Trigger expressions support using various multipliers as suffixes.
A simple useful expression might look like:
{<server>:<key>.<function>(<parameter>)}<operator><constant>
A parameter must be given even for those functions which ignore it. Example: last(0)
Processor load is too high on www.zabbix.com
{www.zabbix.com:system.cpu.load[all,avg1].last(0)}>5
'www.zabbix.com:system.cpu.load[all,avg1]' gives a short name of the monitored parameter. It specifies that the server is 'www.zabbix.com' and the key being monitored is 'system.cpu.load[all,avg1]'. By using the function 'last()', we are referring to the most recent value. Finally, '>5' means that the trigger is in the PROBLEM state whenever the most recent processor load measurement from www.zabbix.com is greater than 5.
www.zabbix.com is overloaded
{www.zabbix.com:system.cpu.load[all,avg1].last(0)}>5|{www.zabbix.com:system.cpu.load[all,avg1].min(600)}>2
The expression is true when either the current processor load is more than 5 or the processor load was more than 2 during last 10 minutes.
/etc/passwd has been changed
Use of function diff:
{www.zabbix.com:vfs.file.cksum[/etc/passwd].diff(0)}=1
The expression is true when the previous value of checksum of /etc/passwd differs from the most recent one.
Similar expressions could be useful to monitor changes in important files, such as /etc/passwd, /etc/inetd.conf, /kernel, etc.
Someone is downloading a large file from the Internet
Use of function min:
{www.zabbix.com:net.if.in[eth0,bytes].min(300)}>100K
The expression is true when number of received bytes on eth0 is more than 100 KB within last 5 minutes.
Both nodes of clustered SMTP server are down
Note use of two different hosts in one expression:
{smtp1.zabbix.com:net.tcp.service[smtp].last(0)}=0&{smtp2.zabbix.com:net.tcp.service[smtp].last(0)}=0
The expression is true when both SMTP servers are down on both smtp1.zabbix.com and smtp2.zabbix.com.
Zabbix agent needs to be upgraded
Use of function str():
{zabbix.zabbix.com:agent.version.str("beta8")}=1
The expression is true if Zabbix agent has version beta8 (presumably 1.0beta8).
Server is unreachable
{zabbix.zabbix.com:icmpping.count(1800,0)}>5
The expression is true if host “zabbix.zabbix.com” is unreachable more than 5 times in the last 30 minutes.
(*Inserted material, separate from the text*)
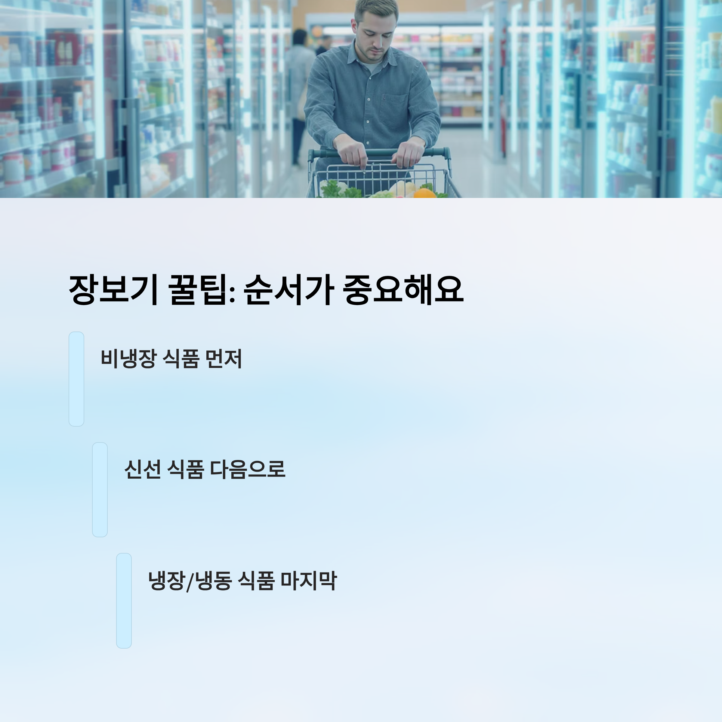 냉장식품은 상온에 노출되는 시간이 길어질수록 신선도가 급격히 떨어지기 때문입니다. 장보는 시간을 1시간 이내로 줄이고, 냉기가 잘 유지되도록 마지막에 구매하는 것이 좋습니다.

No heartbeats within last 3 minutes
Use of function nodata():
{zabbix.zabbix.com:tick.nodata(180)}=1
'tick' must have type 'Zabbix trapper'. In order to make this trigger work, item 'tick' must be defined. The host should periodically send data for this parameter using zabbix_sender. If no data is received within 180 seconds, the trigger value becomes PROBLEM.
CPU activity at night time
Use of function time():
{zabbix:system.cpu.load[all,avg1].min(300)}>2&{zabbix:system.cpu.load[all,avg1].time(0)}>000000&{zabbix:system.cpu.load[all,avg1].time(0)}<060000
The trigger may change its status to true, only at night (00:00-06:00) time.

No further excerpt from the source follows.